WHAT IS EXPECTED →
In the entries below, which lines run from the one with "กองที่ 7 รหัส MH-B7" through the one with "また「あったかもんグランプリ"? Repeat exactly those, both included, and no pictures.

AVAILABLE DATA →
=== Begin Enclosure ===

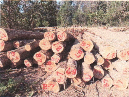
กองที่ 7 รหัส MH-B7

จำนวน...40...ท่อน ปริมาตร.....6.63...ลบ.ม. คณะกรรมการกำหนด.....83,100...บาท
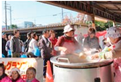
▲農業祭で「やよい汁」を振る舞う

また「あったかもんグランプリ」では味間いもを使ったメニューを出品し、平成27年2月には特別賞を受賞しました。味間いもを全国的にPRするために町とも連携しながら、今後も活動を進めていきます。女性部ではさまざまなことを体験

=== End Enclosure ===
=== Begin Enclosure ===

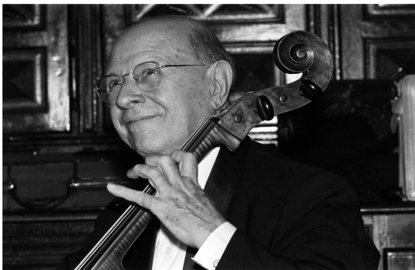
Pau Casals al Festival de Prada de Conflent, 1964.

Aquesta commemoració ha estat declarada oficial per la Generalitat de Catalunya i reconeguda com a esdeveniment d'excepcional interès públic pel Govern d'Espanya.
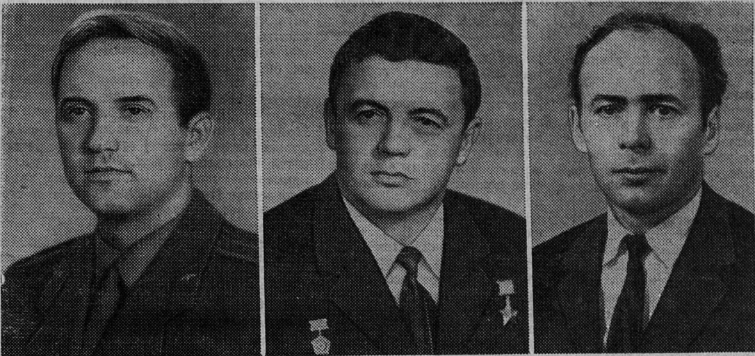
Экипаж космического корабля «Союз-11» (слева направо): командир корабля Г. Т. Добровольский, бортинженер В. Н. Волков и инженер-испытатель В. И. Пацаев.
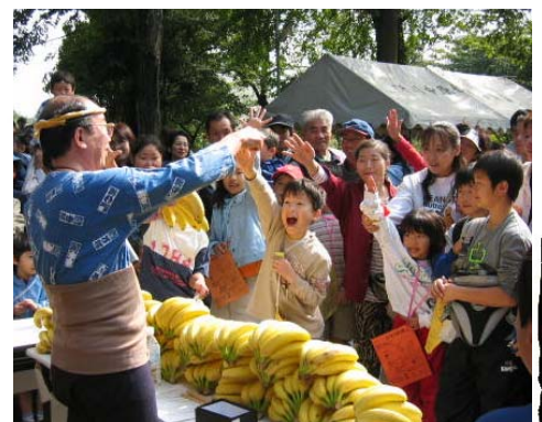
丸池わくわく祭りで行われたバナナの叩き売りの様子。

=== End Enclosure ===
=== Begin Enclosure ===

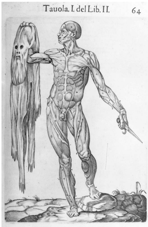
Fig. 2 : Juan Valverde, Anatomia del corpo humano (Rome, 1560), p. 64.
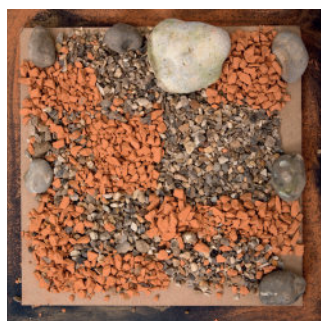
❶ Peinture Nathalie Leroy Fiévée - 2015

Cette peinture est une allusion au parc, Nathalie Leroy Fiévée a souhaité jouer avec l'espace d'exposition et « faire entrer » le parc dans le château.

=== End Enclosure ===

SOLUTION →
กองที่ 7 รหัส MH-B7

จำนวน...40...ท่อน ปริมาตร.....6.63...ลบ.ม. คณะกรรมการกำหนด.....83,100...บาท
▲農業祭で「やよい汁」を振る舞う

また「あったかもんグランプリ」では味間いもを使ったメニューを出品し、平成27年2月には特別賞を受賞しました。味間いもを全国的にPRするために町とも連携しながら、今後も活動を進めていきます。女性部ではさまざまなことを体験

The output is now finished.